Wednesday, November 7, 2018

My Belgian Roots


For the longest time, I’ve known who all my great-great-grandparents were. For most of them, I knew their parents and beyond. One brick wall was my great-great-grandmother, Josephine Denis. She was born in 1848 in Belgium; her parents were Francis and Florence. In the 1860 census, she lived with a 48-year-old Belgian man and a 17-year-old Dutchman. That’s all I knew.


Until this summer. I discovered a Belgian genealogical site and made contact with Ron, a knowledgeable genealogist who thrives on tearing down brick walls.
Josephine’s mother died in 1854. Her father took her and her four surviving brothers to Wisconsin, where he sent away his children to four different homes. The two youngest brothers were placed with two elderly seamstresses. Why didn’t Josephine go there instead of ending up as a maid by the tender age of twelve? The women may have been much better at raising a young girl and taught her sewing.
I don’t know anything else about Josephine until she married. Did she have contact with her father and brothers?


Why did Francois Denis leave Belgium? Probably for economic improvement, but at the cost of breaking up his family. The young children had already lost their mother; now they were separated in a strange country.

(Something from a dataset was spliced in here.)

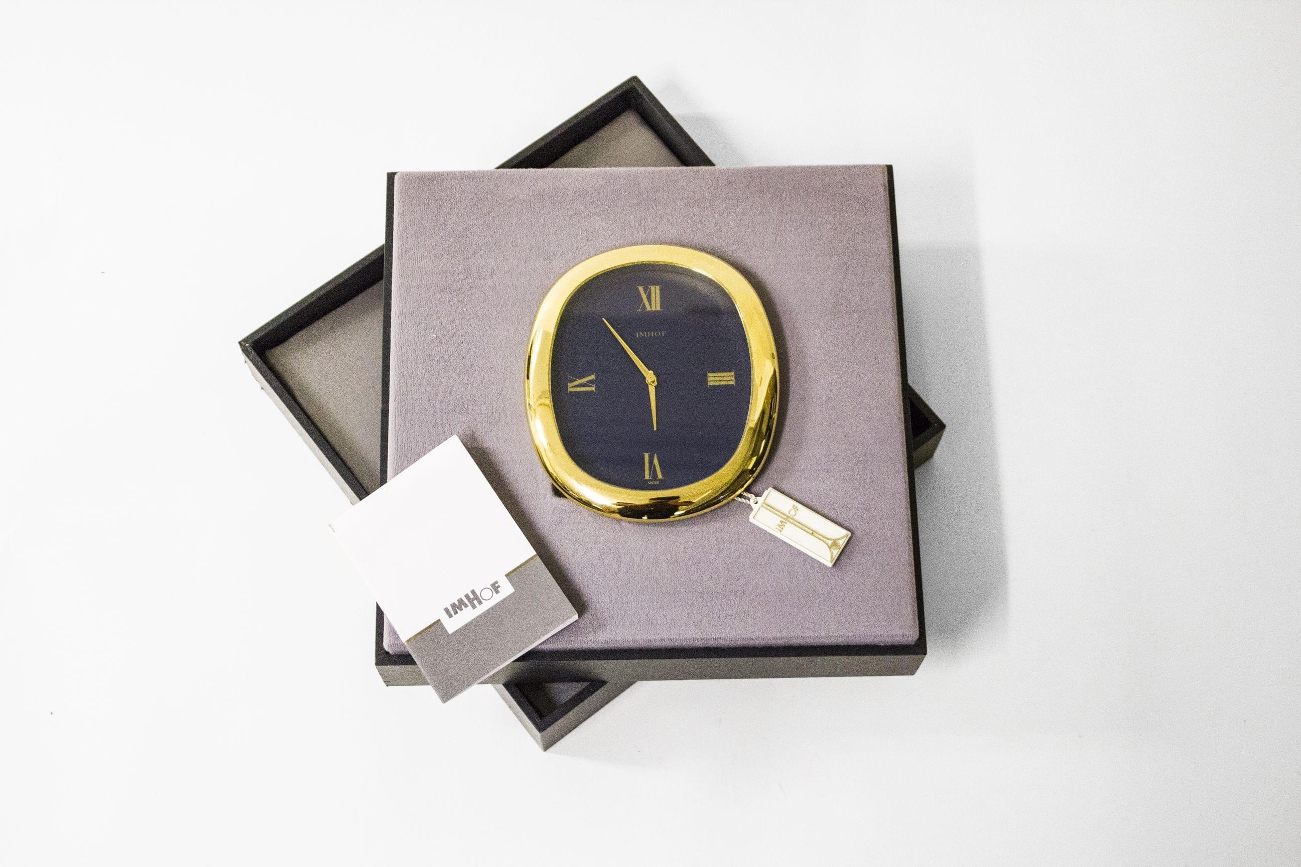 Cadran bleu, aiguilles et chiffres romains dorés, métal doré, 14x12 cm, avec sa boîte et ses papiers de garantie

Apparently, Francois didn’t have family who would help him with his youngsters. In Wisconsin, he moved to another county, remarried, and had a second family.
Ron says it was common for parents to put their children in what was basically foster care when they were in economic hardship. Being a single parent, mother or father, was very difficult for parent and children at that time. Still, I would like to know about Francois’ continued involvement with his first family.
I didn’t know much about Belgium’s history other than its brutal occupation of the Congo. As I’ve learned more about the country’s experience in the twentieth century, I take more pride in my Belgian heritage. More on that later.